The pattern of ReduceJoin describes the general case of consolidation of two logs on a key. However there is a special case at which the task can be simplified and accelerated significantly. It is a case at which one of logs has the size significantly of the smaller size, than another. Let's consider the following task:
There are 2 logs. The first log contains a log web cервера (same as in the previous task), the second file 100 kb in size) contains compliance of URL-> Subject. Example of the 2nd file:
/toyota.php auto /football/spartak.html sport /cars auto /finances/money business
For each IP address it is necessary to calculate what pages of category from this IP address were loaded most often.
In this case we need to execute Join of 2 logs on URL too. However in this case it is not obligatory for us to start 3 MapReduce as the second log completely will get into memory. To solve a problem by means of the 1st MapReduce, we can load the second log into Distributed Cache, and at initialization of Mapper'a just to consider it in memory, having put it in the dictionary-> topic.
Further the problem is solved as follows:
# находим тематику каждой из страниц первого лога</em> input_line -> [ip, topic]
Ip -> [topics] -> [ip, most_popular_topic]
Reduce receives on an input of ip and the list of all subjects, just calculates what of subjects met most often. Thus the task is solved by means of the 1st MapReduce, and actually Join in general occurs in map (therefore if additional aggregation on a key was not necessary – it would be possible to manage MapOnly job-ohm):
In article we considered several patterns and acceptances of a solution of tasks by means of MapReduce, showed how to integrate MapReduce-tasks in chains and to join-it a log on a key.
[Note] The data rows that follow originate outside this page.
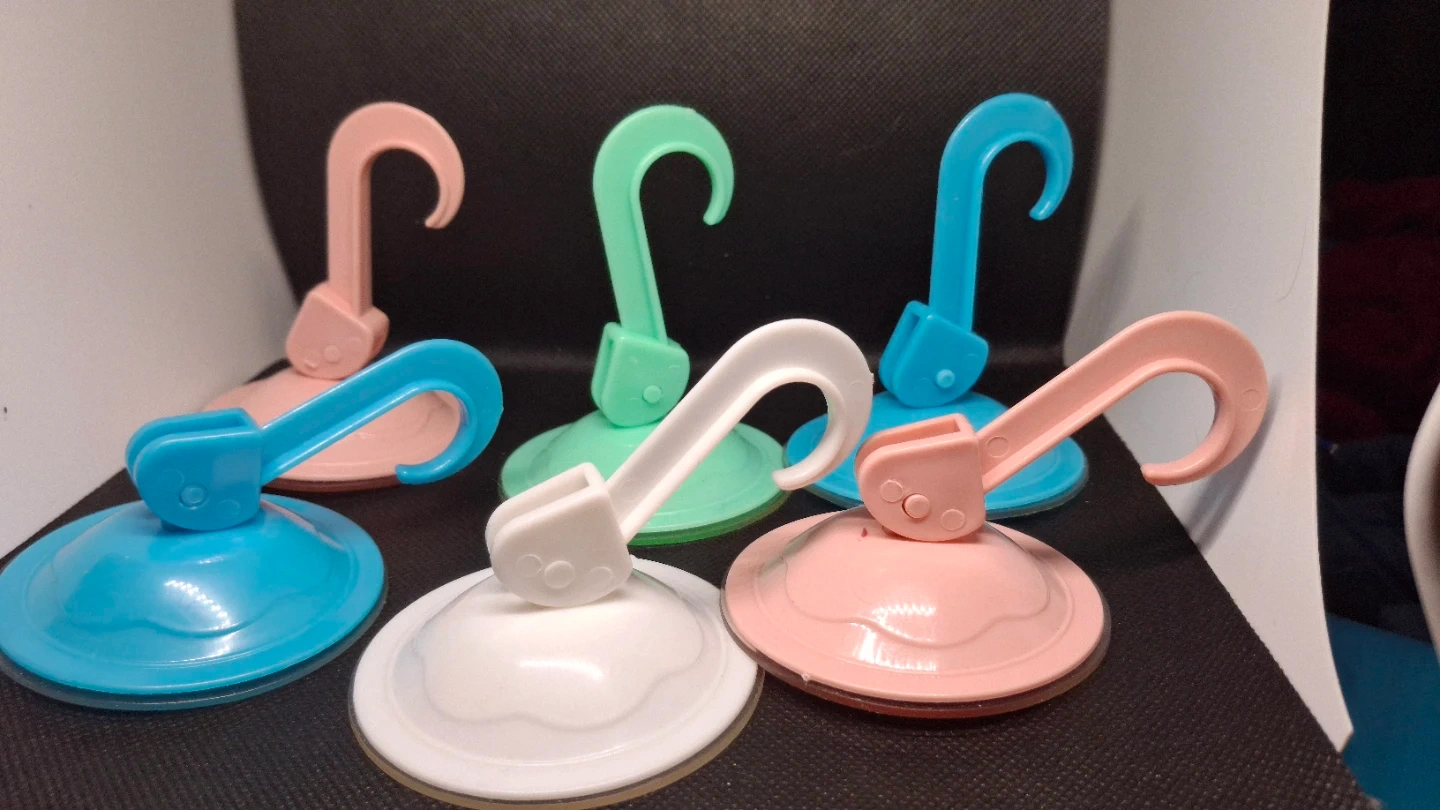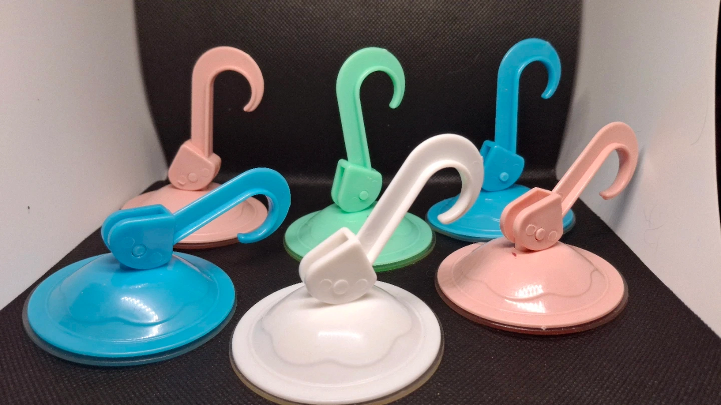 This is a set of six suction cup hooks in various colours. They're great for hanging lightweight items on smooth surfaces like tiles or glass. Includes pink, blue, green, and white hooks.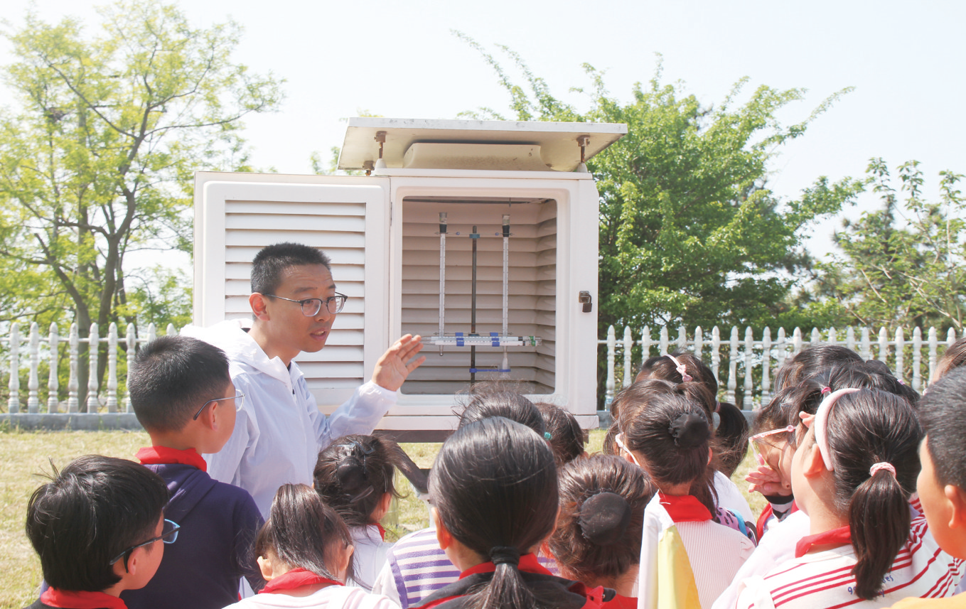小麦岛海洋站工作人员向同学们介绍海洋气象观测仪器设备和工作原理。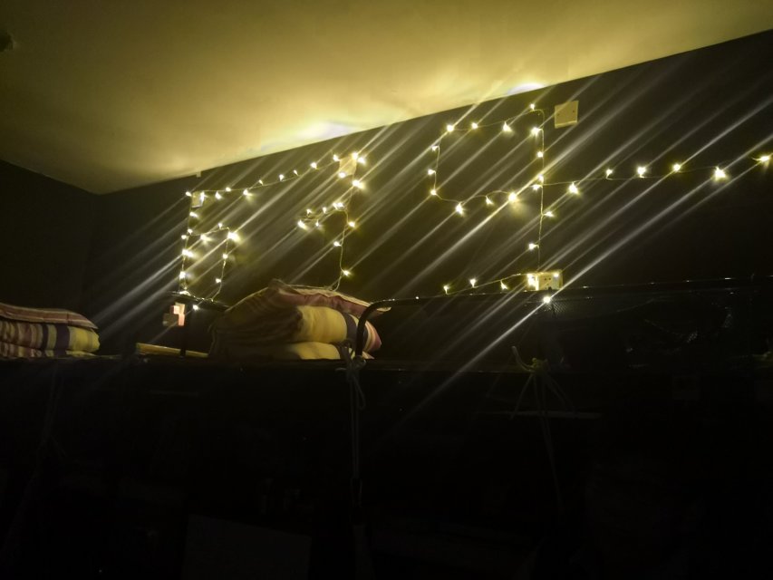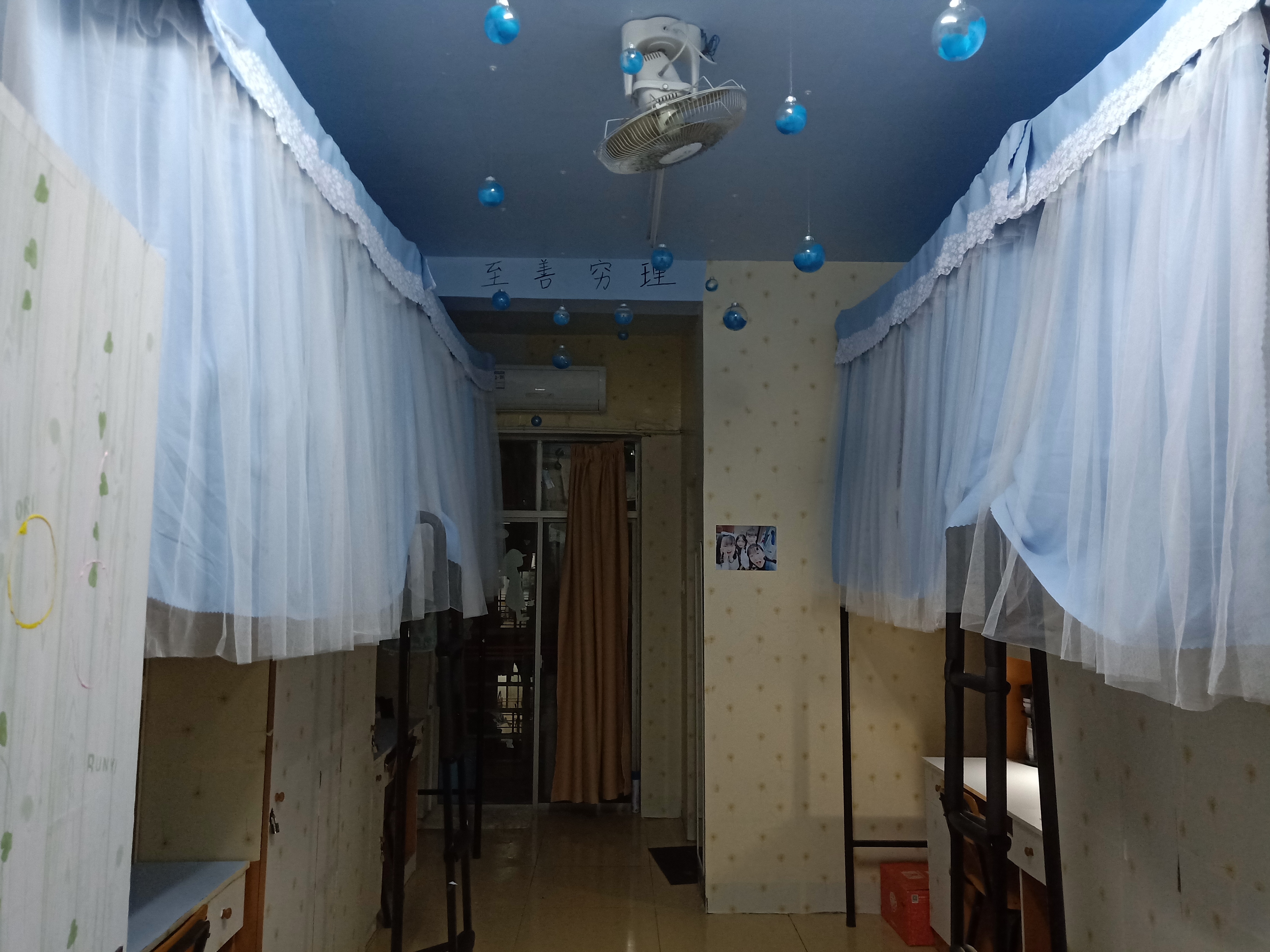 这个天花板上的蓝色吊坠真的太美啦,和梦幻一般的床帘搭配,挺不错的~

In the following articles we will consider architecture of Hadoop, and also the tools simplifying work with MapReduce and allowing to bypass its shortcomings in more detail.
Links to other articles of a cycle
" Big Data from And to I. Part 1: Principles of work with big data, MapReduce paradigm
" Big Data from And to I. Part 2: Hadoop
This article is a translation of the original post at habrahabr.ru/post/270453/
If you have any questions regarding the material covered in the article above, please, contact the original author of the post.
If you have any complaints about this article or you want this article to be deleted, please, drop an email here: email@example.com.
We believe that the knowledge, which is available at the most popular Russian IT blog habrahabr.ru, should be accessed by everyone, even though it is poorly translated.
Shared knowledge makes the world better.